What safety number should I ask a vendor for?
Ask for the worst-case rate of a confidently asserted falsehood, per assertion, with the derivation. DeepSensi’s is 3.23×10−6, derived via Fault Tree Analysis (IEC 61025) over 23 independent, common-cause-adjusted barriers — a bound that meets the numerical demand-mode SIL-4 target with ≈31× margin. If a vendor cannot produce such a number, what they have is an accuracy claim, not a safety case.
What does prospective validation actually mean?

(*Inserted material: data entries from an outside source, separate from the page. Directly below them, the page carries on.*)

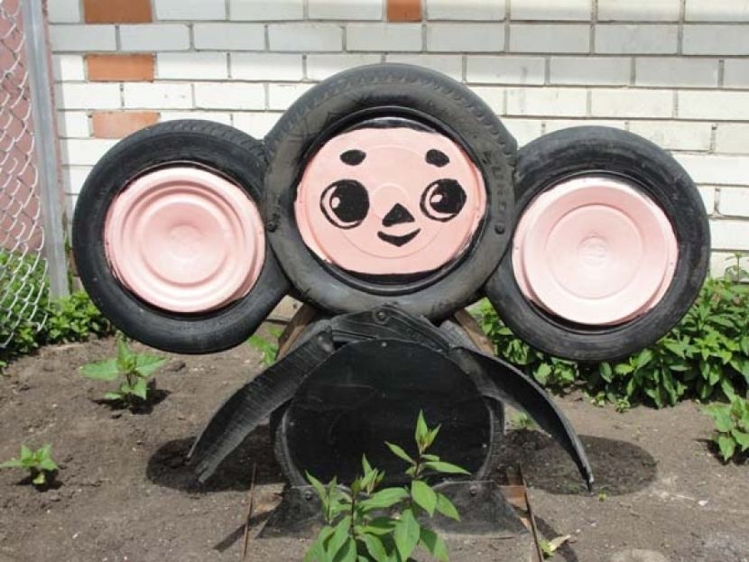 Для создания используются шины легковых автомобилей. В две автопокрышки вставляем фанеру, которую прикрепляем саморезами. Основу выкрашиваем в темно коричневый цвет. Фанеру внутри покрышек выкрашиваем более светлым колером. Автопокрышки со вставками скрепляем между собой. Устанавливаем вертикально на автошину положенную горизонтально. Вырезаем из фанеры уши, скобами крепим на голове фигурки. Красками наносим элементы лица Чебурашки.
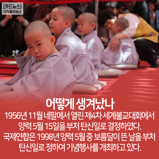 1956년 11월 네팔에서 열린 제4차 세계불교대회에서 양력 5월 15일을 부처 탄신일로 결정하였다.
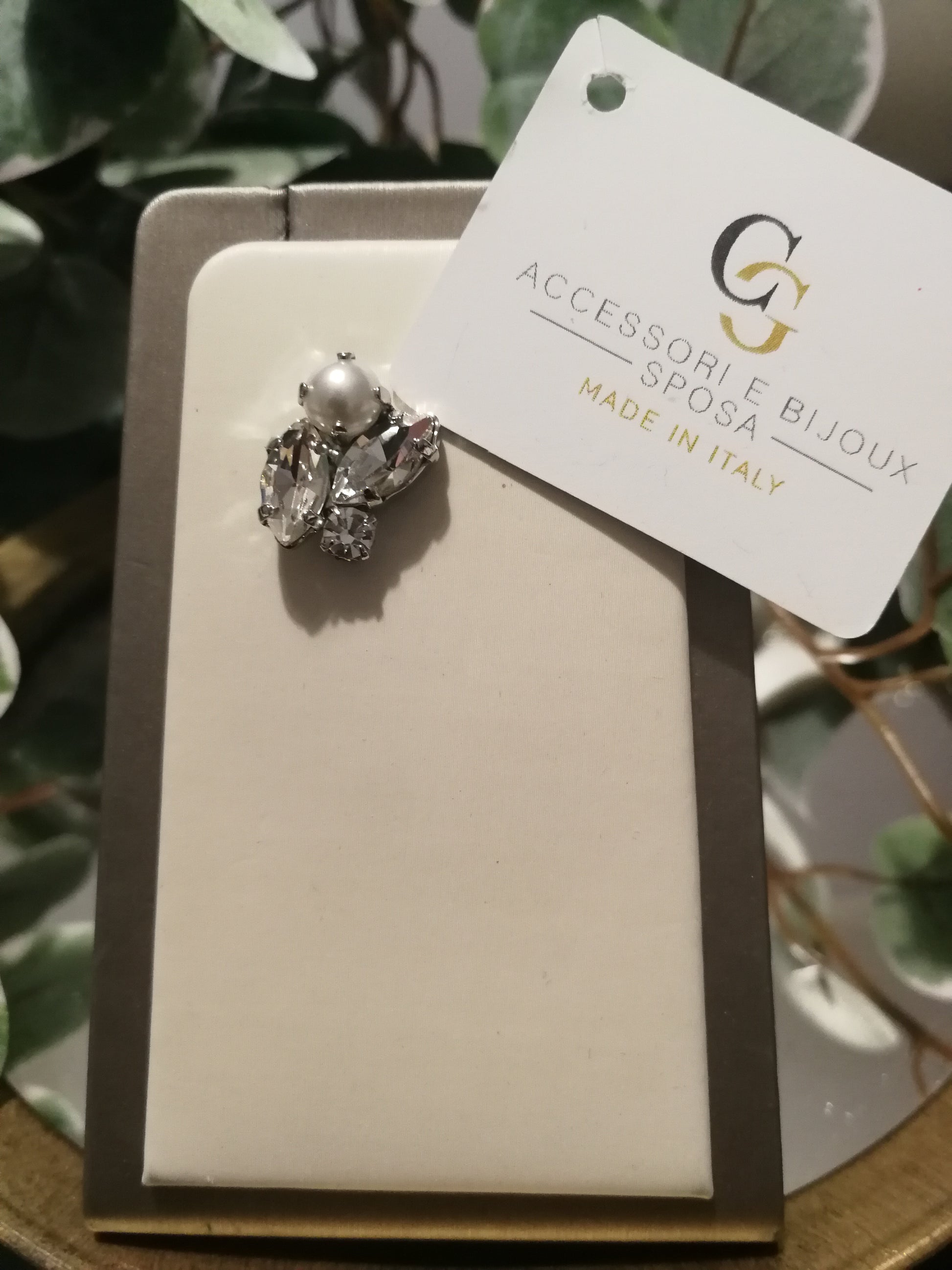Orecchini realizzati in ottone placcato oro o argento con lega in stagno, arricchiti da strass e pietre Swarovski e perle, galvanica nickel free.
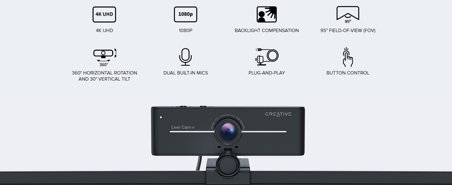 Bucurati-va de o claritate 4K UHD remarcabil de clara, clara si detaliata cu Creative Live! Cam Sync 4K, o camera web plug-and-play conceputa pentru a va maximiza experienta de conferinte video online sau de streaming.
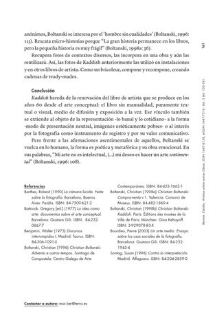 Referencias Barthes, Roland (1990) La cámara lúcida. Nota sobre la fotografía. Barcelona, Buenos Aires: Paidós. ISBN: 84-7509-621-2 Battcock, Gregory [ed.] (1977) La idea como arte: documentos sobre el arte conceptual. Barcelona: Gustavo Gili. ISBN: 84-2520667-7 Benjamin, Walter (1973) Discursos interrumpidos I. Madrid: Taurus. ISBN: 84-306-1091-X Boltanski, Christian (1996) Christian Boltanski: Advento e outros tempos. Santiago de Compostela: Centro Galego de Arte
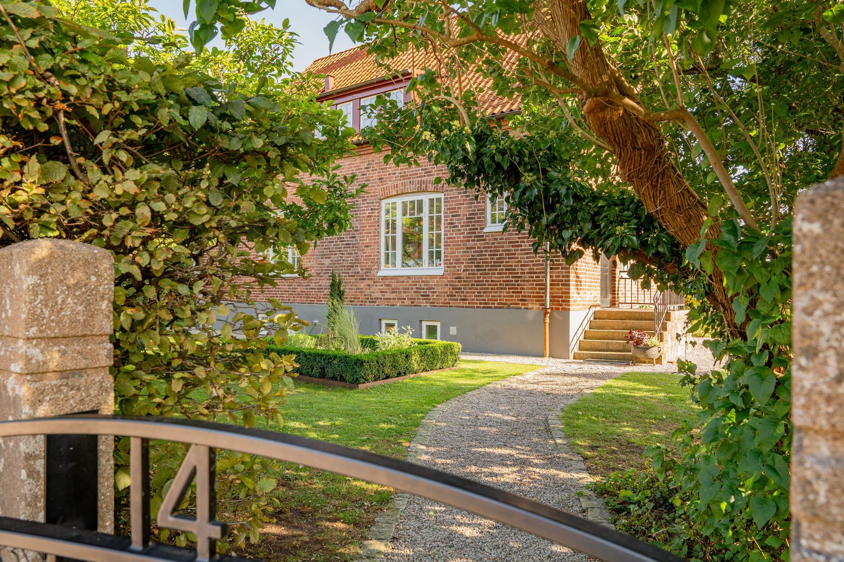 Den grönskande trädgården ramar vackert in huset och leder fram till fasaden i mörkrött handslaget tegel, smårutade vitmålade fönster och trappad gesims - ett uttryck som genast signalerar kvalitet och karaktär.
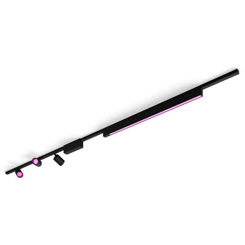Set con 3 faretti led e barra luminosa Philips Hue Perifo nero -40780000 Codice gpc 929003117501 Sistema da binari.Da soffitto set con 3 cilindri faretto e barra luminosa lineare Nero.Led integrato connesso SiTecnologia Zigbee+BTPotenza effettiva 43,80WTemperatura 2000+6500K + colorLumen 3580Tensione 24VDurata h 25000Grado di protezione IP20 Tipo: Lampada Tecnologia di illuminazione: LED

The system runs silently on live cases it has never seen, its outputs locked away from care; endpoints and analysis are pre-registered before the first patient; disagreements are adjudicated by independent physicians; results are reported to the STARD-AI standard. That is the design of SILENT-DS — multi-site and rolling, so hospitals can join as study sites at any time.
How do I verify EHR integration is real?
Ask for three things in writing: standards-based sign-in (SMART on FHIR), a digitally signed write-back of the result into the record under the physician’s signature (not a copy-paste sidebar), and an on-premises or air-gapped deployment option for sovereignty. Anything less is a chat window beside your EHR.